O mercado audiovisual no Brasil não é sinônimo de Hollywood. É sinônimo de televisão. E televisão é sinônimo de Rede Globo. A verdade (de mercado) é que foi a Globo quem
formatou a fisionomia atual do nosso cinema. Ao longos desses 30 anos, ela formou os atores, abrigou os roteiristas, produziu diretores. Deu ao cinema
muita coisa além de xuxas e
trapalhões. Vejo em Paris os
cartazes do filme "Eu Tu Eles",
que faz uma boa carreira por
aqui. É Brasil, sem dúvida. Está
longe de ser Hollywood. E também é Globo. No elenco, no diretor e até na sintaxe ele é Globo. Mesmo um filme como
"Um Copo de Cólera" tem algo
de Globo pois, sem a Globo,
aqueles talentos todos não
existiriam no mercado brasileiro. Com tudo o que tem de monopólio e de manipulação, a
Globo acabou suprindo, não sei se por acidente, a função de
abrigar a formação de uma identidade audiovisual (termo estranho, mas vá lá) brasileira, em oposição ao domínio americano. Isso tudo sem política deliberada nenhuma. É curioso,
mas é fato.
E também é pouco. Alguns canais pagos já ajudam na produção de filmes, mas ainda é pouco. A televisão, o principal
negócio de mídia no Brasil, deve ser chamada a apoiar pesadamente o cinema.
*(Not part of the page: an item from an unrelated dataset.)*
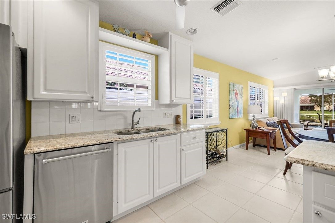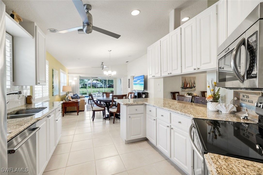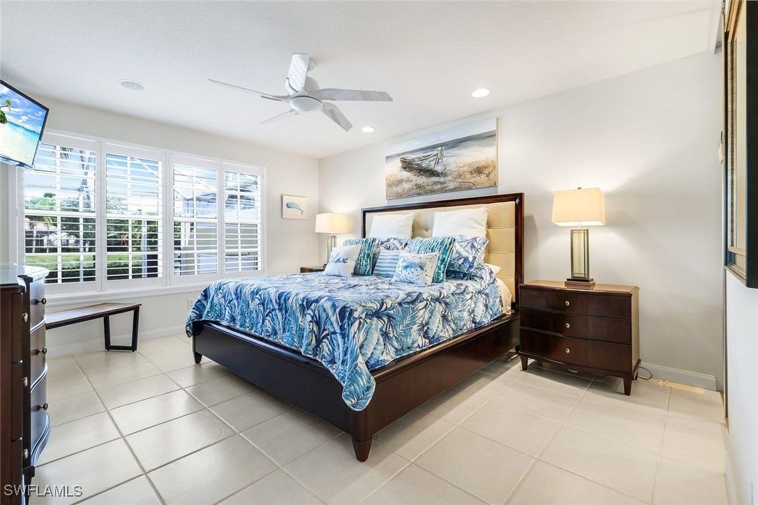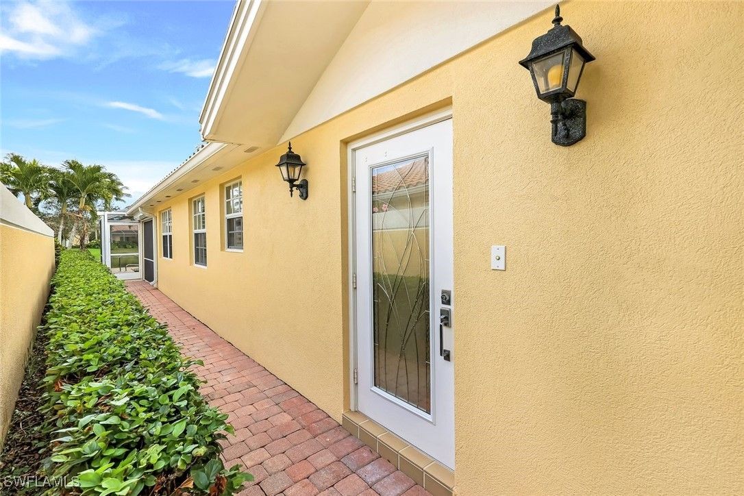 Here is your chance to own this Well Appointed and meticulously maintained Furnished Lakeview Capri villa with a pool in Island Walk. The open concept kitchen features Stainless Steel Appliances and an upgraded Granite Countertop. The custom Built in Wall unit in the Living room has had all the cabinet doors replaced and there is Tile throughout the home. You can even adjust the music on your built in speakers with volume in each room. Relax on your lanai by your heated pool as you enjoy the desirable Eastern rear exposure. This pool was beautifully resurfaced and there are Pavers on the Lanai and around the pool. There are roll down storm shutters for the Lanai only. Located in Island Walk; famous for its many Amenities and Resident Activities also has LOW FEES that INCLUDES HDTV and HIGH SPEED INTERNET. This Award Winning Community boasts miles of waterfront walking trails to a beautiful newly renovated Towncenter Clubhouse, 2 Resort Style Pools, Restaurant, Post Office, Gas Station, Car Wash, Har-Tru Tennis Courts, Pickleball, Bocce Courts, Putting Green and Fitness Center. No CDD. Come and enjoy Resort-Styled Living in Paradise!

É do interesse dela, além de ser do interesse do país. Mais aberto a experimentações, o cinema é que deveria funcionar como o celeiro de talentos e de idéias para a
televisão, nunca o contrário. A TV deveria financiar o cinema,
um cinema radicalmente brasileiro, porque poderia buscar
nele algumas saídas para a pasmaceira estética em que se encontra.